*** Opening Data for the task ***

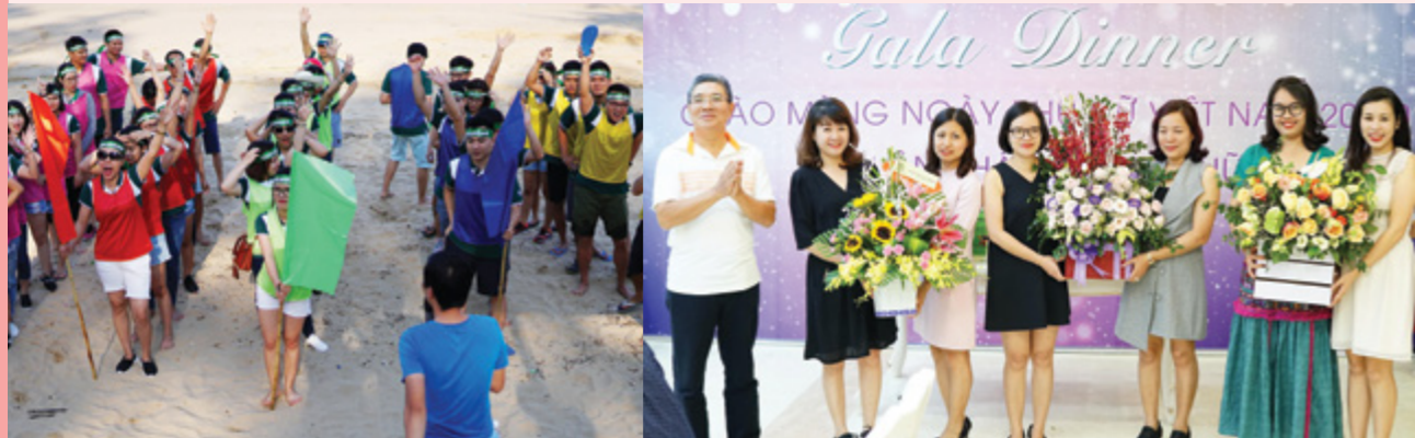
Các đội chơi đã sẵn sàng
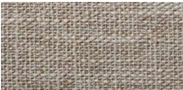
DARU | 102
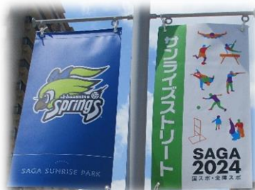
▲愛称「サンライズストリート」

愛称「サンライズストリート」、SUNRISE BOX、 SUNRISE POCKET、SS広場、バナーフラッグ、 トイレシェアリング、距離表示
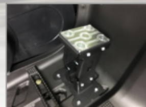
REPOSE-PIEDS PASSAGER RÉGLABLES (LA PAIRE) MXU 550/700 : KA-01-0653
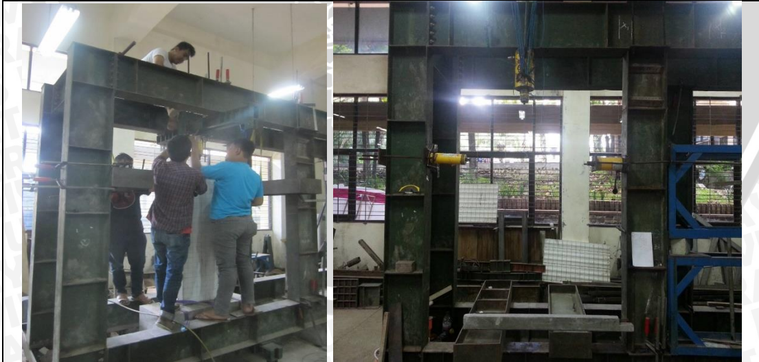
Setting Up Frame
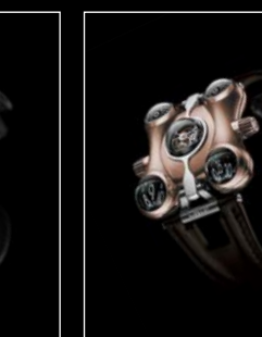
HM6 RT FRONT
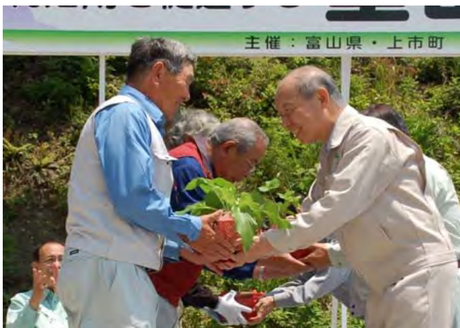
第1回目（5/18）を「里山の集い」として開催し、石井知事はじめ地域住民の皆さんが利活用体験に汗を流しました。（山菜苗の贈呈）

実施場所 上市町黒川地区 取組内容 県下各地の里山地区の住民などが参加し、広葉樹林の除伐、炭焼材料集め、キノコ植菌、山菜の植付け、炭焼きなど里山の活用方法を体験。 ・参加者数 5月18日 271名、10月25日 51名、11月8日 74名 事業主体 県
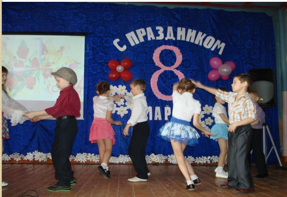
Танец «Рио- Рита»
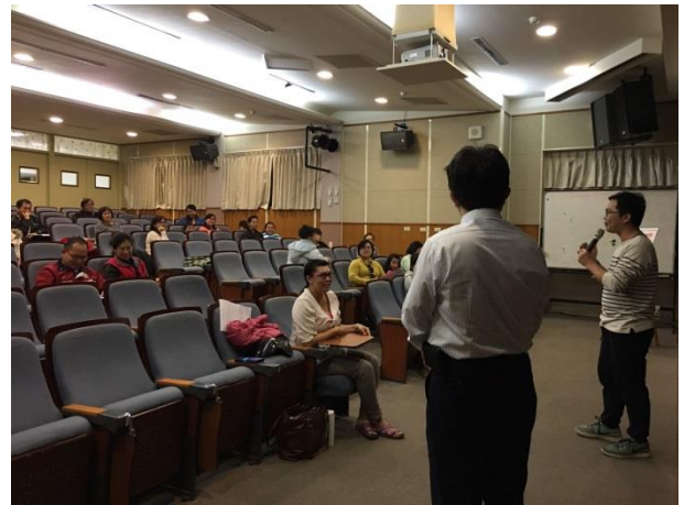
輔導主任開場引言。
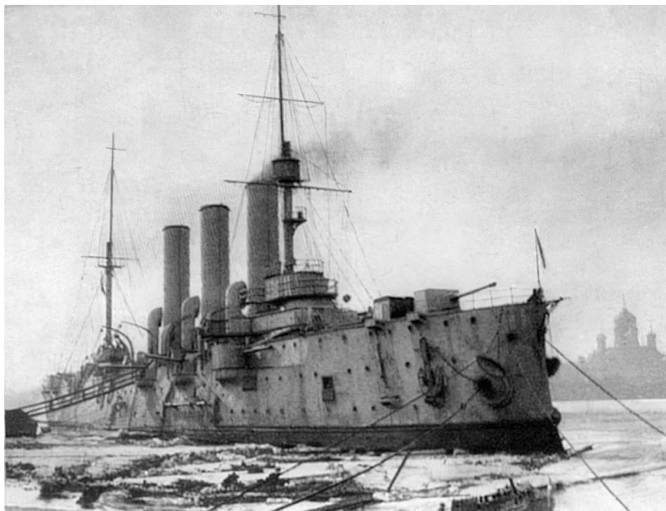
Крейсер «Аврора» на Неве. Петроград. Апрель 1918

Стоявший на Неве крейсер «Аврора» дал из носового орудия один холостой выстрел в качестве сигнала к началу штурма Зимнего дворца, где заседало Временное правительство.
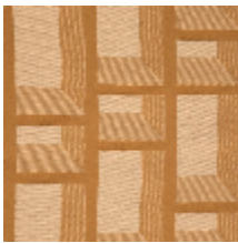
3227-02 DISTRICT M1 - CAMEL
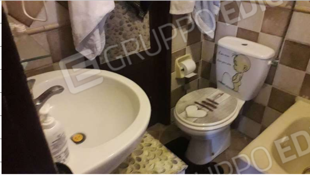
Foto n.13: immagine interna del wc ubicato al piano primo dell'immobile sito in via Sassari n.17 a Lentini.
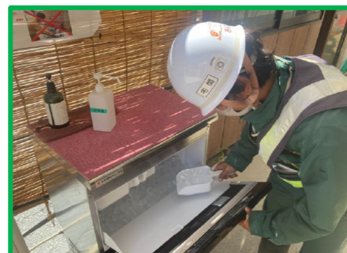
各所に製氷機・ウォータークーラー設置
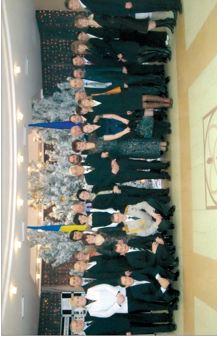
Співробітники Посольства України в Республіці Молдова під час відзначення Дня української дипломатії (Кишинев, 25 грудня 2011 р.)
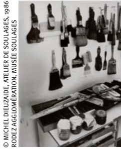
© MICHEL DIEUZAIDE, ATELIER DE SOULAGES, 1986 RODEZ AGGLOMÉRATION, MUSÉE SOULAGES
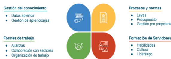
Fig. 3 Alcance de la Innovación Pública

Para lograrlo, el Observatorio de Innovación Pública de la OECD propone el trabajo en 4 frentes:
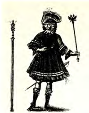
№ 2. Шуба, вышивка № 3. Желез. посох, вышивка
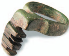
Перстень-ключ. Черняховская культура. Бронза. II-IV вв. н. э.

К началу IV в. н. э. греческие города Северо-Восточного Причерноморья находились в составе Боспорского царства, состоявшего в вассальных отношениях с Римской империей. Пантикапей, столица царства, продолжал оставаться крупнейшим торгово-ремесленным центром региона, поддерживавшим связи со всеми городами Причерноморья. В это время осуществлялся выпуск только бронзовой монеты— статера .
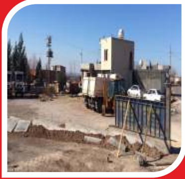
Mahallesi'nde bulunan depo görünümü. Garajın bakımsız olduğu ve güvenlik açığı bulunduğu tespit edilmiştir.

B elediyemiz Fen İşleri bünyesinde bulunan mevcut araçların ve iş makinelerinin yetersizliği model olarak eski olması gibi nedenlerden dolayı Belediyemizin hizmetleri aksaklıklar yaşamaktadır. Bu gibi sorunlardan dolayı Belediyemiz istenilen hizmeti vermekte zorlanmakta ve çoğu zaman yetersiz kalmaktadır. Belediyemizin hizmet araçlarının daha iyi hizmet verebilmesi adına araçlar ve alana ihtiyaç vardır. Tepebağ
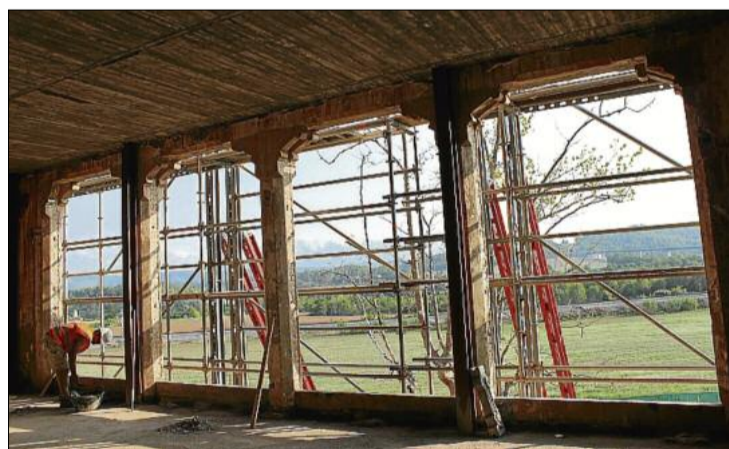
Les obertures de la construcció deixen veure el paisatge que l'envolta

*** Closing Data for the task ***
*** Opening Data for the task ***

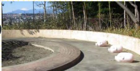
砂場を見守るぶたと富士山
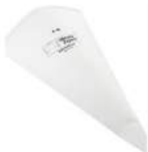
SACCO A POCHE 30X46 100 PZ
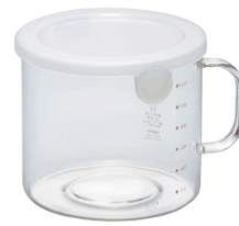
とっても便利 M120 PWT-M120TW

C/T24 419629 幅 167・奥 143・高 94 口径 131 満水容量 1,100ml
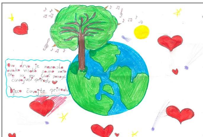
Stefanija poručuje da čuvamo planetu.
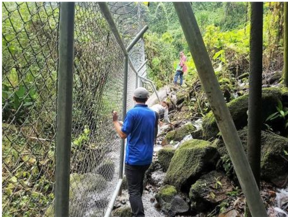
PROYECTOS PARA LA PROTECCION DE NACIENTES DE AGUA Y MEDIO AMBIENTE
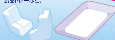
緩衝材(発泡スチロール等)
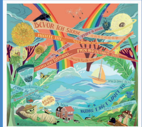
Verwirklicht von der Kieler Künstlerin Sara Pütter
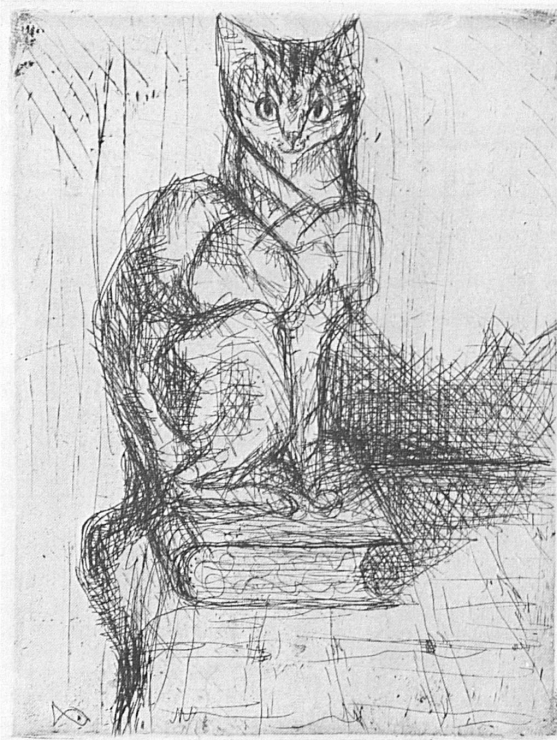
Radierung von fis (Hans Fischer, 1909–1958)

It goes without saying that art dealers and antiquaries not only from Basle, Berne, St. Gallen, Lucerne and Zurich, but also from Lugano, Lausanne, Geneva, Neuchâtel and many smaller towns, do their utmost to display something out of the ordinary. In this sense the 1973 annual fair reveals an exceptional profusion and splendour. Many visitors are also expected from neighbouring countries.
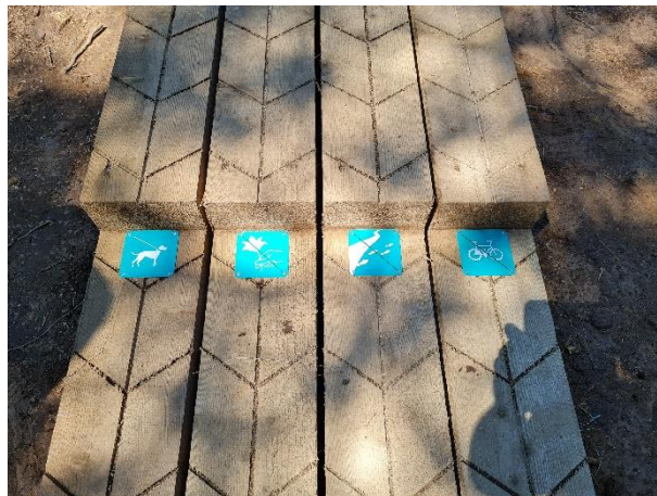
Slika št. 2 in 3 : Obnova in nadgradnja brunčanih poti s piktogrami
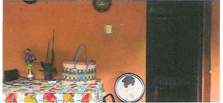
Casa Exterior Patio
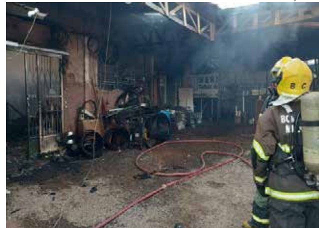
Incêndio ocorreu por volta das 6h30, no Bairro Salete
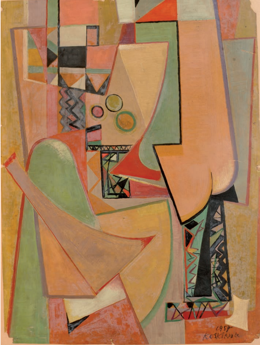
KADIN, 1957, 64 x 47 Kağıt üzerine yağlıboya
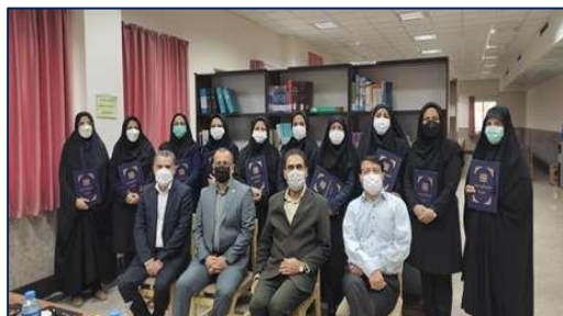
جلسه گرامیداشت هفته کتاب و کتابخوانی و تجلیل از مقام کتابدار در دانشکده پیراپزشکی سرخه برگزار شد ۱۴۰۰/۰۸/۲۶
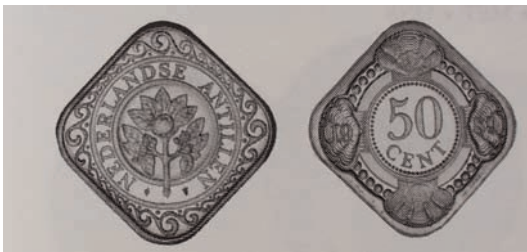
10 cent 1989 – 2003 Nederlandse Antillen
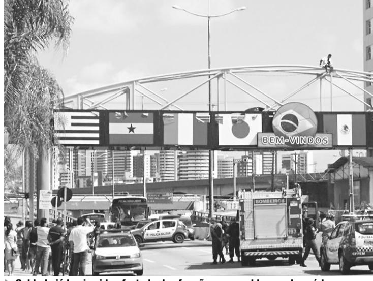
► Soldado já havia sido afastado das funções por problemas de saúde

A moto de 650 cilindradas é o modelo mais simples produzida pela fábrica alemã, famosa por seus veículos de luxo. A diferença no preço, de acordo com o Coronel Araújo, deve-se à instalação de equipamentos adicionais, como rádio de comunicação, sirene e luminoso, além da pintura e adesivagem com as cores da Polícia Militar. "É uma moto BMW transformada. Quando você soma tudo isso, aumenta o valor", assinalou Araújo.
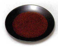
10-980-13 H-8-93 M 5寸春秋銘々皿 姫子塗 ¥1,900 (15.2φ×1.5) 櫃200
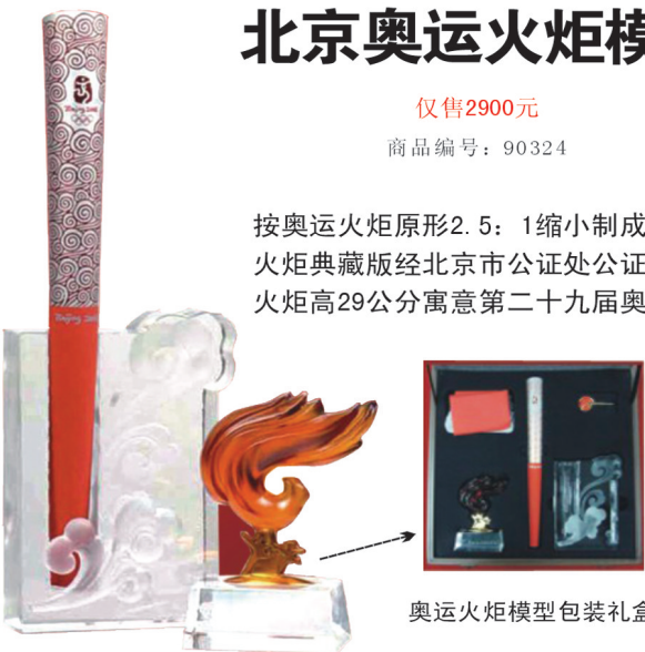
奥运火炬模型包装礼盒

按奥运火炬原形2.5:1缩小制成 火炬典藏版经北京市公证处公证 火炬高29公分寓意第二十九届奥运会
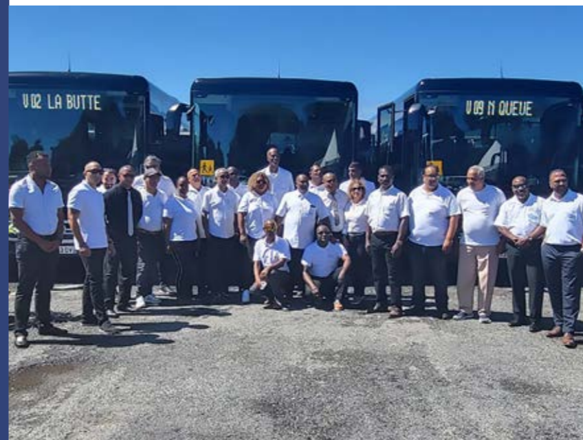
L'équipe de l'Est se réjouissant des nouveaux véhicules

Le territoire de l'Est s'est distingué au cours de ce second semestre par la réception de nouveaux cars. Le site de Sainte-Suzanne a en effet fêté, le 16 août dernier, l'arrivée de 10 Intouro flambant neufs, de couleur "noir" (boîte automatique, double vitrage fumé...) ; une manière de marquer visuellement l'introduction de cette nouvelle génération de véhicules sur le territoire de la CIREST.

*** Closing Data for the task ***

▸ Work instructions
Since the pictures are not part of the copy, please transcribe only the lines above from the one with "Các đội chơi đã sẵn sàng" through the one with "К началу IV", exactly and with both ends.

▸ Response for this exercise
Các đội chơi đã sẵn sàng
DARU | 102
▲愛称「サンライズストリート」

愛称「サンライズストリート」、SUNRISE BOX、 SUNRISE POCKET、SS広場、バナーフラッグ、 トイレシェアリング、距離表示
REPOSE-PIEDS PASSAGER RÉGLABLES (LA PAIRE) MXU 550/700 : KA-01-0653
Setting Up Frame
HM6 RT FRONT
第1回目（5/18）を「里山の集い」として開催し、石井知事はじめ地域住民の皆さんが利活用体験に汗を流しました。（山菜苗の贈呈）

実施場所 上市町黒川地区 取組内容 県下各地の里山地区の住民などが参加し、広葉樹林の除伐、炭焼材料集め、キノコ植菌、山菜の植付け、炭焼きなど里山の活用方法を体験。 ・参加者数 5月18日 271名、10月25日 51名、11月8日 74名 事業主体 県
Танец «Рио- Рита»
輔導主任開場引言。
Крейсер «Аврора» на Неве. Петроград. Апрель 1918

Стоявший на Неве крейсер «Аврора» дал из носового орудия один холостой выстрел в качестве сигнала к началу штурма Зимнего дворца, где заседало Временное правительство.
3227-02 DISTRICT M1 - CAMEL
Foto n.13: immagine interna del wc ubicato al piano primo dell'immobile sito in via Sassari n.17 a Lentini.
各所に製氷機・ウォータークーラー設置
Співробітники Посольства України в Республіці Молдова під час відзначення Дня української дипломатії (Кишинев, 25 грудня 2011 р.)
© MICHEL DIEUZAIDE, ATELIER DE SOULAGES, 1986 RODEZ AGGLOMÉRATION, MUSÉE SOULAGES
Fig. 3 Alcance de la Innovación Pública

Para lograrlo, el Observatorio de Innovación Pública de la OECD propone el trabajo en 4 frentes:
№ 2. Шуба, вышивка № 3. Желез. посох, вышивка
Перстень-ключ. Черняховская культура. Бронза. II-IV вв. н. э.

К началу IV в. н. э. греческие города Северо-Восточного Причерноморья находились в составе Боспорского царства, состоявшего в вассальных отношениях с Римской империей. Пантикапей, столица царства, продолжал оставаться крупнейшим торгово-ремесленным центром региона, поддерживавшим связи со всеми городами Причерноморья. В это время осуществлялся выпуск только бронзовой монеты— статера .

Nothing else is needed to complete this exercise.